How to Ingest Documents in a distributed fashion#

Ragbits Document Search can ingest documents in a distributed fashion if it's installed with distributed extra. This can be set up by specifying the DistributedProcessing execution strategy when creating the DocumentSearch instance.

from ragbits.core.embeddings.litellm import LiteLLMEmbedder
from ragbits.core.vector_stores.in_memory import InMemoryVectorStore
from ragbits.document_search import DocumentSearch
from ragbits.document_search.documents.document import DocumentMeta
from ragbits.document_search.ingestion.processor_strategies.distributed import DistributedProcessing

documents = [
    DocumentMeta.create_text_document_from_literal("Example document 1"),
    DocumentMeta.create_text_document_from_literal("Example document 2"),
]

embedder = LiteLLMEmbedder(
    model="text-embedding-3-small",
)

vector_store = InMemoryVectorStore()

processing_strategy = DistributedProcessing()

document_search = DocumentSearch(
    embedder=embedder,
    vector_store=vector_store,
    processing_strategy=processing_strategy
)

Local document ingestion#

By default, when run outside of a Ray cluster, the Ray Core library will parallelize the processing of documents on the local machine, using cores available on the machine. If that is acceptable, you can just use the code above and the documents will be processed in parallel on the local machine.

Remote document ingestion#

When run inside a Ray cluster, the Ray Core library will parallelize the processing of documents across the nodes in the cluster. There are several ways of sending documents to the Ray cluster for processing, but using Ray Jobs API is by far the most recommended one.

To use Ray Jobs API, you should prepare the processing script and the documents to be processed, and then submit the job to the Ray cluster. Make sure to replace <cluster_address> with the address of your Ray cluster and adjust the entrypoint and runtime_env parameters to match your setup.

from ray.job_submission import JobSubmissionClient

client = JobSubmissionClient("http://<cluster_address>:8265")
job_id = client.submit_job(
    entrypoint="python script.py",
    runtime_env={
        "working_dir": "./",
        "pip": [
            "ragbits-core",
            "ragbits-document-search[distributed]"
        ]
    },
)
print(job_id)

Ray Jobs is also available as CLI commands.

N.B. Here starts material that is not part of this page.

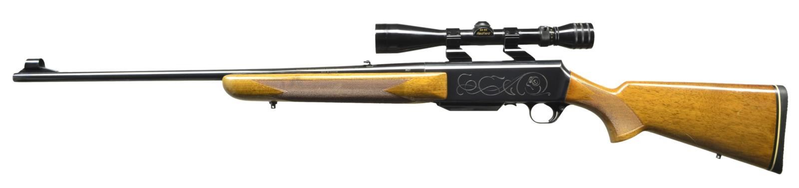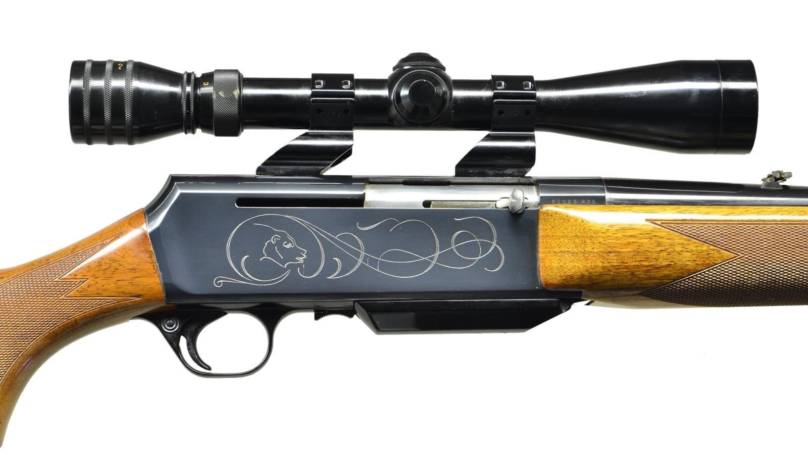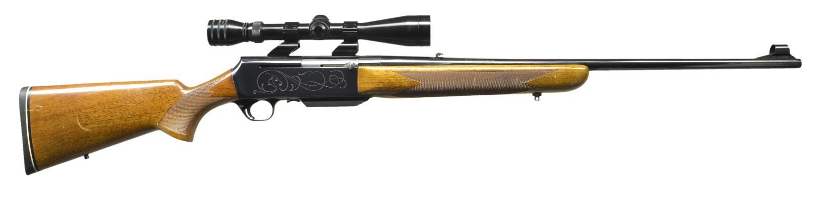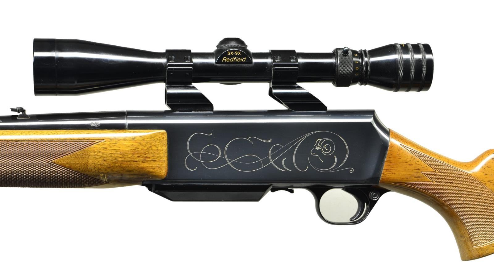 Cal. 300 Win. Mag. S# 85023M71. Bbl. 24" with hooded ramp bead front sight and folding leaf rear sight. Redfield 3-9X40 gloss finished scope with duplex reticle on Weaver see through mounts. Action has tasteful open pattern engraving featuring a bears head on right side and bighorn sheep on left. Blue finish. Forearm and pistol grip walnut stock have gloss finish, hand checkering and swivel bases. LOP: 13 3/4" over original solid black Browning pad. 1971 Belgium mfg. MAGS: 1 - 3 round detachable held inside hinged floorplate. CONDITION: over 98% original blue. Original wood finish shows light crazing with scattered scratches, marks and small dents. Bright near excellent bore. Scope has clear optics. (22-3924/DS). CURIO.$700-1,000.

You can submit a job using the following command:

ray job submit \
    --address http://<cluster_address>:8265 \
    --runtime-env '{"pip": ["ragbits-core", "ragbits-document-search[distributed]"]}'\
    --working-dir . \
    -- python script.py

There are also other ways to submit jobs to the Ray cluster. For more information, please refer to the Ray documentation.